Every record must be copied exactly, except that pictures are dropped.
·····
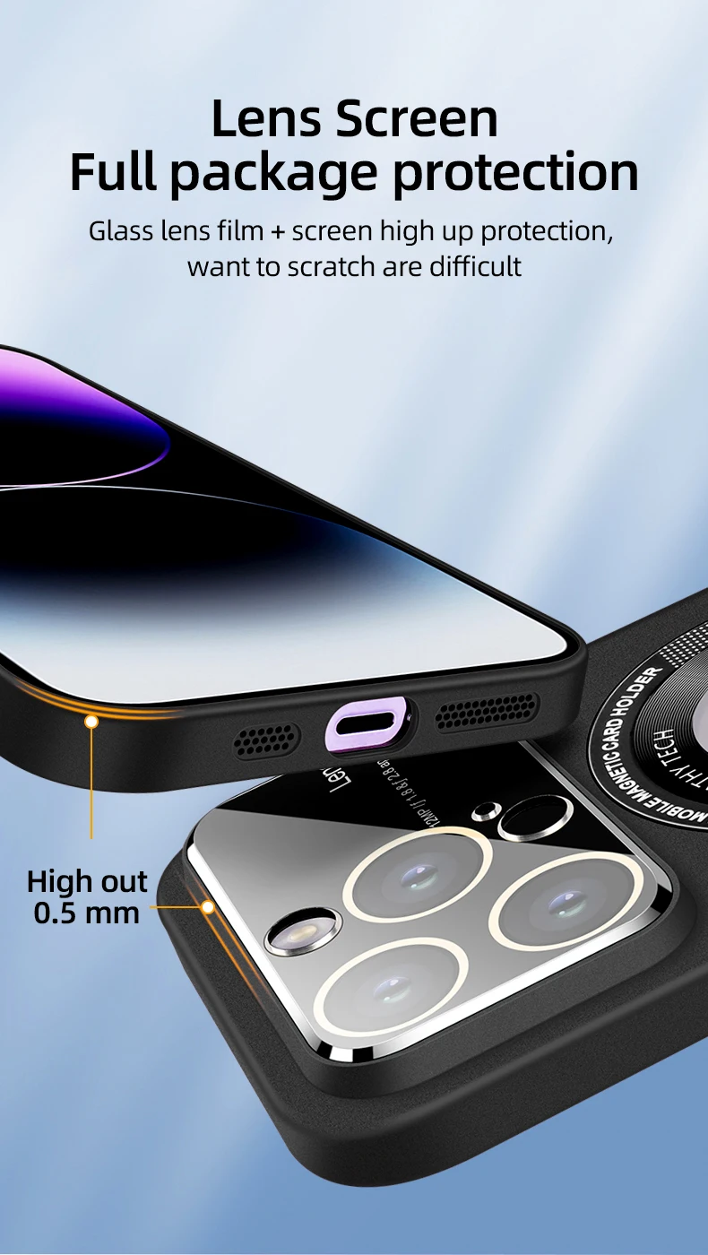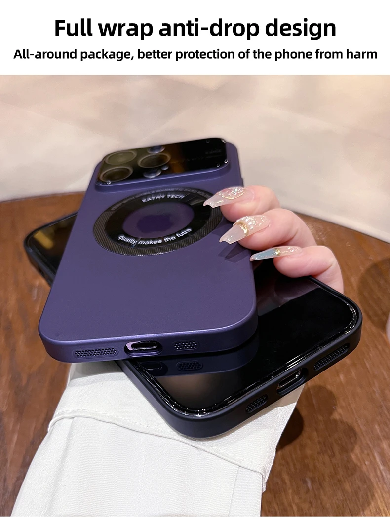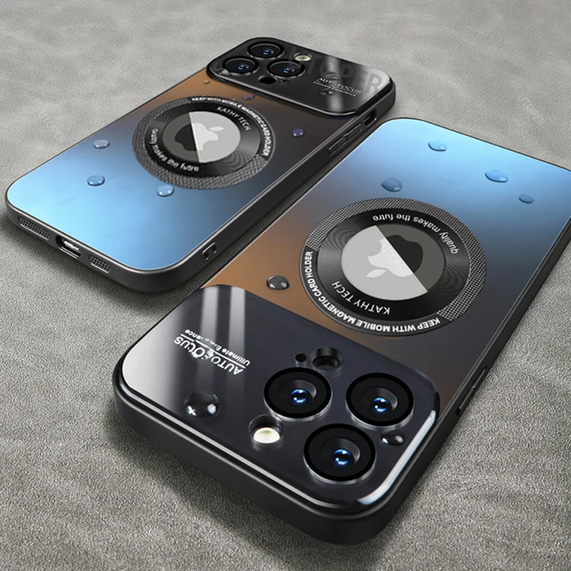 Comprar Funda Magsafe mate delgada de lujo para IPhone 14 Pro Max 13 12 Pro Max Plus, lente de vidrio que protege la carga inalámbrica, cubierta magnética
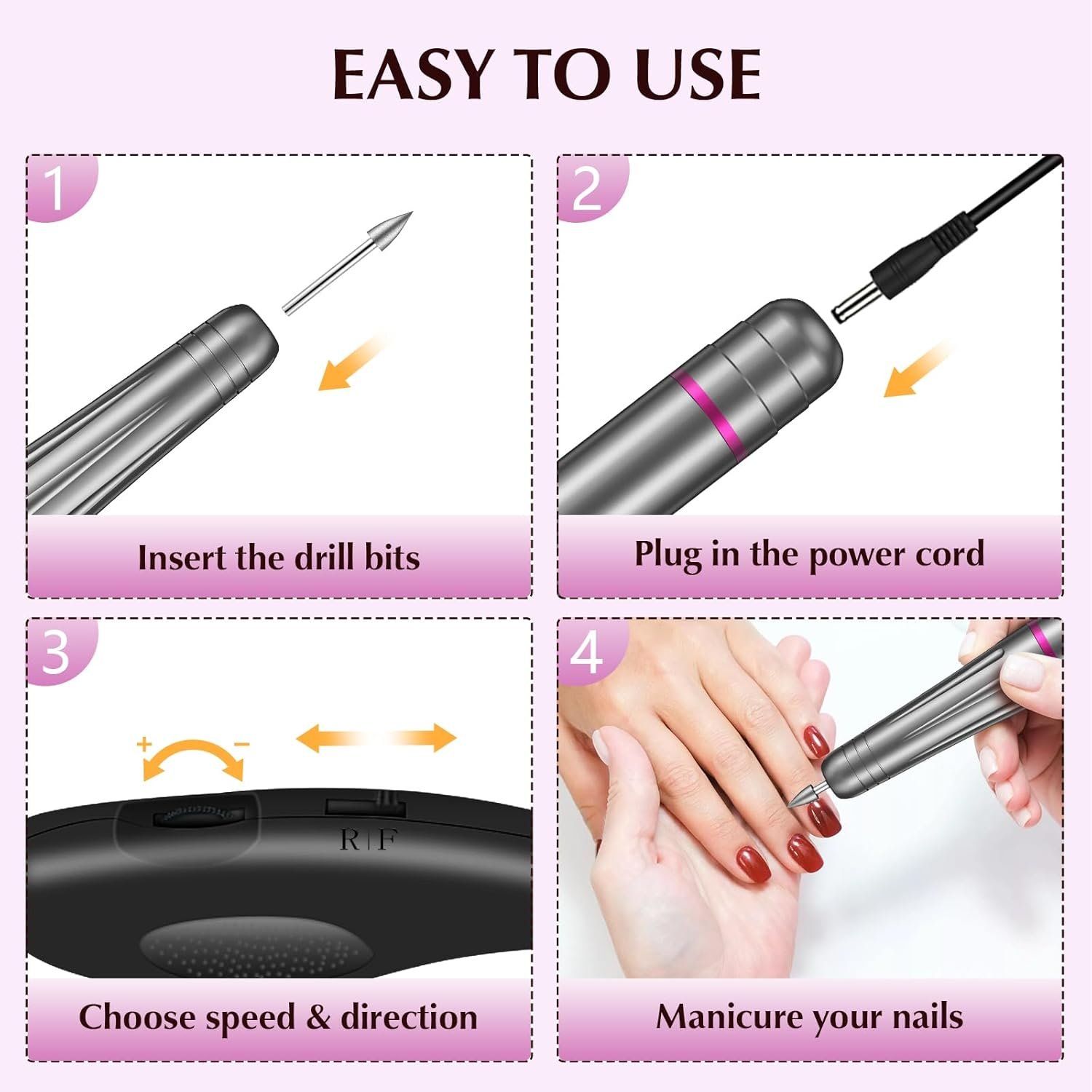 💎Customizable Speed and Direction: Stepless speed regulation of up to 20000 rpm allows for precise control and customization of nail care, while forward and reverse functionality makes it suitable for left-handed or right-handed operation.
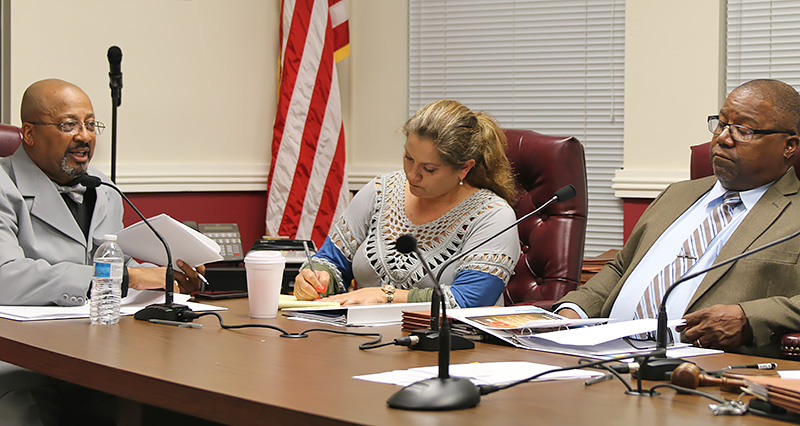 Pictured: (L-R) Century Mayor Henry Hawkins, Interim Town Clerk Kim Godwin and council member Louis Gomez Monday night. NorthEscambia.com photo, click to enlarge.
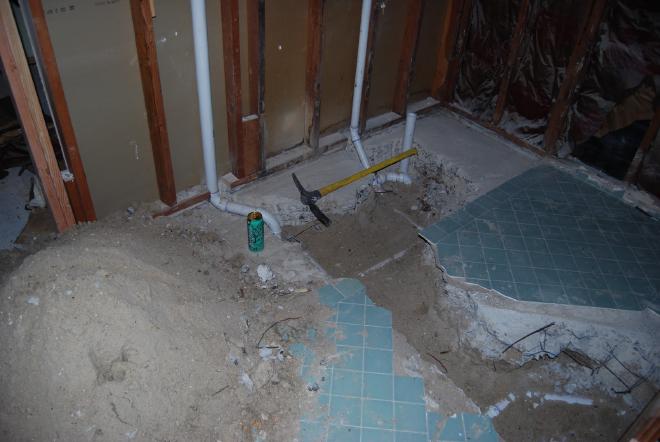 There is no floor in the den and, remember that little wet bar? … it’s part of the master bathroom now.
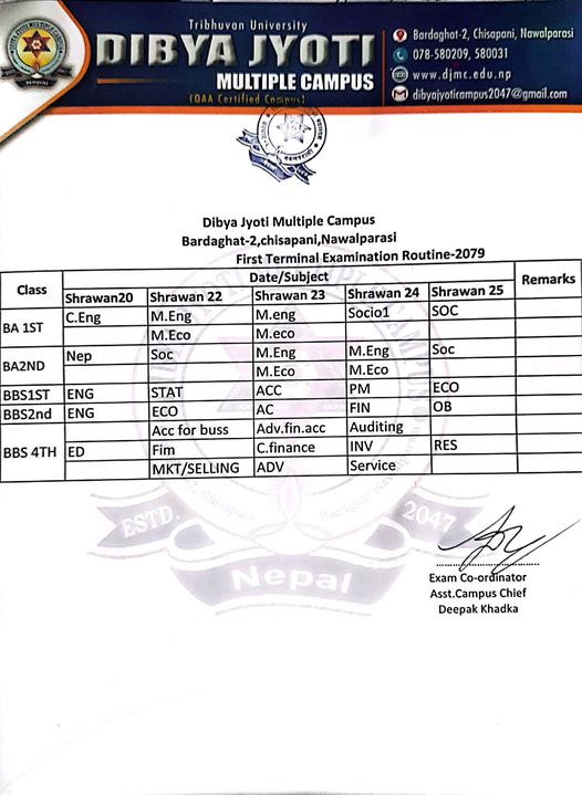 31st July 202231st July 2022 Comments 0 Feedbacks on “आन्तरिक परीक्षा २०७९ को समयतालिका”Uncategorised by Raju Paudel आन्तरिक परीक्षा २०७९ को समयतालिका
·····
### Written response
 Comprar Funda Magsafe mate delgada de lujo para IPhone 14 Pro Max 13 12 Pro Max Plus, lente de vidrio que protege la carga inalámbrica, cubierta magnética
 💎Customizable Speed and Direction: Stepless speed regulation of up to 20000 rpm allows for precise control and customization of nail care, while forward and reverse functionality makes it suitable for left-handed or right-handed operation.
 Pictured: (L-R) Century Mayor Henry Hawkins, Interim Town Clerk Kim Godwin and council member Louis Gomez Monday night. NorthEscambia.com photo, click to enlarge.
 There is no floor in the den and, remember that little wet bar? … it’s part of the master bathroom now.
 31st July 202231st July 2022 Comments 0 Feedbacks on “आन्तरिक परीक्षा २०७९ को समयतालिका”Uncategorised by Raju Paudel आन्तरिक परीक्षा २०७९ को समयतालिका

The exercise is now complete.